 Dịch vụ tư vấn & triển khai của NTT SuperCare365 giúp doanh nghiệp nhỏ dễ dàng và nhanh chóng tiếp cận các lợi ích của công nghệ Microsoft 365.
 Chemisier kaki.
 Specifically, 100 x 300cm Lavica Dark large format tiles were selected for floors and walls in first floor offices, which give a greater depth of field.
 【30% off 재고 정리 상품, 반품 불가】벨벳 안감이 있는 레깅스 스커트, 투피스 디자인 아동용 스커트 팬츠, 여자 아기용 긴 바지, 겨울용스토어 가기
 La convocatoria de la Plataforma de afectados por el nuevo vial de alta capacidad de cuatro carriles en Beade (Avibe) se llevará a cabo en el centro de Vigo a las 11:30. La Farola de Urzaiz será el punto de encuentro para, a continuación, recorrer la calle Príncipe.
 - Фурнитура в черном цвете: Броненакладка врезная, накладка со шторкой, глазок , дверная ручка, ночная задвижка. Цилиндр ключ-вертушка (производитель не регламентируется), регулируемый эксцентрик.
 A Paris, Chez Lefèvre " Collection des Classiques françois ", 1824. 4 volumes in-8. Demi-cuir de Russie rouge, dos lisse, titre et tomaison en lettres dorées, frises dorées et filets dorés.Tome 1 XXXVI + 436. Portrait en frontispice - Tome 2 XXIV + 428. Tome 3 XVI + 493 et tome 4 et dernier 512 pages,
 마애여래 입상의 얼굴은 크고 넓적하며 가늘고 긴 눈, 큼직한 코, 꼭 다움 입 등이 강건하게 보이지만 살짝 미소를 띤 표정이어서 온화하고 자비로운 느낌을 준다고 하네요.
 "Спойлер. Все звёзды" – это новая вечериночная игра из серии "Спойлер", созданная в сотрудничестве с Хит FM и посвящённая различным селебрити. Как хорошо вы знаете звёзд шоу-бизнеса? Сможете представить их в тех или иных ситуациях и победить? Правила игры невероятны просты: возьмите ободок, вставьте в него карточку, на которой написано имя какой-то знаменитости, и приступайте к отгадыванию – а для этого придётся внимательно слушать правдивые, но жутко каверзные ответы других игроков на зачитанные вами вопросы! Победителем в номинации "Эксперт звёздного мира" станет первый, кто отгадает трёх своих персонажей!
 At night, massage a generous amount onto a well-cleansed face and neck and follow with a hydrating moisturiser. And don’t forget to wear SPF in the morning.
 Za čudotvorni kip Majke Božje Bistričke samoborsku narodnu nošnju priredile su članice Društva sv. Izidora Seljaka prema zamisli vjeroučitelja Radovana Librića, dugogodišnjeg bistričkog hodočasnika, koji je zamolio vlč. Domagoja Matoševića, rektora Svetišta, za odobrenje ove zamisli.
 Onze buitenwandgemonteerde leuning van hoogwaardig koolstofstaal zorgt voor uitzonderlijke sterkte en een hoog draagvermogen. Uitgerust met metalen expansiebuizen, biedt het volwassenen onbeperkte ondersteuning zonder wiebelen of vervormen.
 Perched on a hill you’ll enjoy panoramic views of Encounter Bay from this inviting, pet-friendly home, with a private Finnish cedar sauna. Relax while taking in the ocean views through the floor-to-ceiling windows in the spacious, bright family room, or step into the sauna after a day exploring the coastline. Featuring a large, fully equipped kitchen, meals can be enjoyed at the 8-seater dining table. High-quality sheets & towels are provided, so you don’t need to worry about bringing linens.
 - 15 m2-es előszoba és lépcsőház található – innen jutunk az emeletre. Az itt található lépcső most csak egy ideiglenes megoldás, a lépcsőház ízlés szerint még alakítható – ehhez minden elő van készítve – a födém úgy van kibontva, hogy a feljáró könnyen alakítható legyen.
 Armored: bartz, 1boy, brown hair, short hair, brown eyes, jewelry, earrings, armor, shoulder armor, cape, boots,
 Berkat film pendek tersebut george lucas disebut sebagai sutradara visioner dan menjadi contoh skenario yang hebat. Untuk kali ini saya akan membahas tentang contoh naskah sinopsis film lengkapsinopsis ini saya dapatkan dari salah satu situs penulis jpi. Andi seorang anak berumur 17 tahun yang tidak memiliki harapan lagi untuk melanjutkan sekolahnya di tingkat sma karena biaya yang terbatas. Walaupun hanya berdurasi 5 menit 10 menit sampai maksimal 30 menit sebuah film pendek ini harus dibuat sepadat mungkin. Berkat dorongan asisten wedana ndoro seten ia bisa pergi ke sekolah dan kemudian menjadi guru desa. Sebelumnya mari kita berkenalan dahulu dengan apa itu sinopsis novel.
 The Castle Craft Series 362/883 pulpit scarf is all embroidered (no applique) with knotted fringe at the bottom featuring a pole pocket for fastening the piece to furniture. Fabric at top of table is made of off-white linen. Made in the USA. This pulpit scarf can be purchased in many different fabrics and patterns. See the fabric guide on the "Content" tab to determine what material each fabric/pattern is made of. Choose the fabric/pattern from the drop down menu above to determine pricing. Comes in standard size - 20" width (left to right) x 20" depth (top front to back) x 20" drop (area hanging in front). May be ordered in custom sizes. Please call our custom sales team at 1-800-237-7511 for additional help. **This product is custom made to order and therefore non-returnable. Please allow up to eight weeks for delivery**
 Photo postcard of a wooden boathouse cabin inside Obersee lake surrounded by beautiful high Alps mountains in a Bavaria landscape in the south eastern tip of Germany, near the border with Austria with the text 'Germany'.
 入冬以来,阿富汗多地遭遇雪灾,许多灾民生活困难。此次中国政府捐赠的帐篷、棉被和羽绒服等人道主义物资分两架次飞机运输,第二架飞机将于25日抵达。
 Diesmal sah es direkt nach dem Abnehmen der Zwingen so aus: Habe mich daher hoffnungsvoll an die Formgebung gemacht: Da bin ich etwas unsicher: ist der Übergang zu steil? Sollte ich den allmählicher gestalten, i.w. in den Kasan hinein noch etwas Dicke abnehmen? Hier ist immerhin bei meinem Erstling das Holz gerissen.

What you are asked to do
Using the material, count the lines where the word "table" appears. Give the number by itself.

Solution to the problem
2